#### [Problem to work on]
With the pictures omitted, set down exactly the lines from the one that contains "We updated our" through the last line of the data.
··· Input data
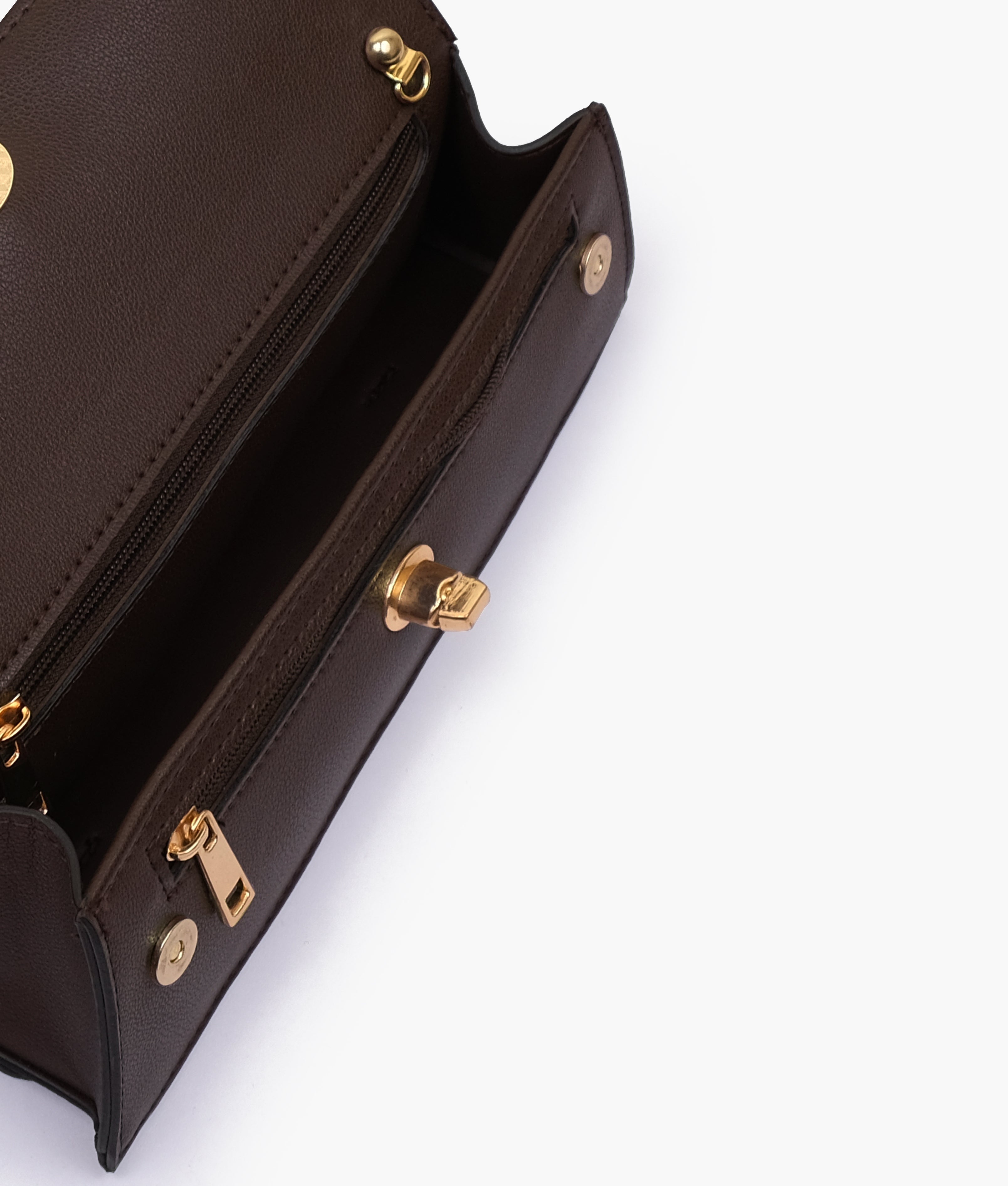 Width: 10.5 inches Height: 3.75 inches Depth: 2.75 inches One main compartment under the flap with twist-lock closure. Two zipper...
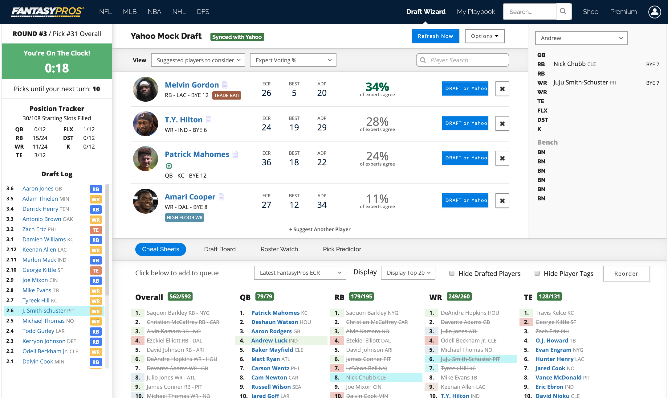 We updated our Chrome Extension to include in-draft support for Yahoo live/mock drafts and NFL.com live drafts. This means that, in conjunction with our Draft Assistant with Sync:
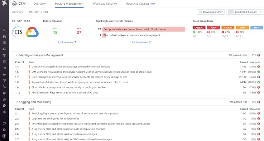 Datadog CSM มอบมุมมองที่สมบูรณ์แบบของสถานะ Resource ไม่ว่าสภาพแวดล้อมของคุณจะทำงานใน Google Cloud หรือใช้ประโยชน์จาก Multiple Clouds ด้วยการสนับสนุน Industry-standard frameworks เช่น PCI DSS, SOC 2, GDPR และ HIPAA คุณสามารถตรวจสอบได้อย่างง่ายดายว่าสภาพแวดล้อมระบบ Cloud ของคุณเป็นไปตามแนวทางปฏิบัติที่ดีที่สุด ที่สนับสนุนโดยการปฏิบัติตามข้อกำหนดและมาตรฐานความปลอดภัยล่าสุด
······
#### [Solution for this problem]
 We updated our Chrome Extension to include in-draft support for Yahoo live/mock drafts and NFL.com live drafts. This means that, in conjunction with our Draft Assistant with Sync:
 Datadog CSM มอบมุมมองที่สมบูรณ์แบบของสถานะ Resource ไม่ว่าสภาพแวดล้อมของคุณจะทำงานใน Google Cloud หรือใช้ประโยชน์จาก Multiple Clouds ด้วยการสนับสนุน Industry-standard frameworks เช่น PCI DSS, SOC 2, GDPR และ HIPAA คุณสามารถตรวจสอบได้อย่างง่ายดายว่าสภาพแวดล้อมระบบ Cloud ของคุณเป็นไปตามแนวทางปฏิบัติที่ดีที่สุด ที่สนับสนุนโดยการปฏิบัติตามข้อกำหนดและมาตรฐานความปลอดภัยล่าสุด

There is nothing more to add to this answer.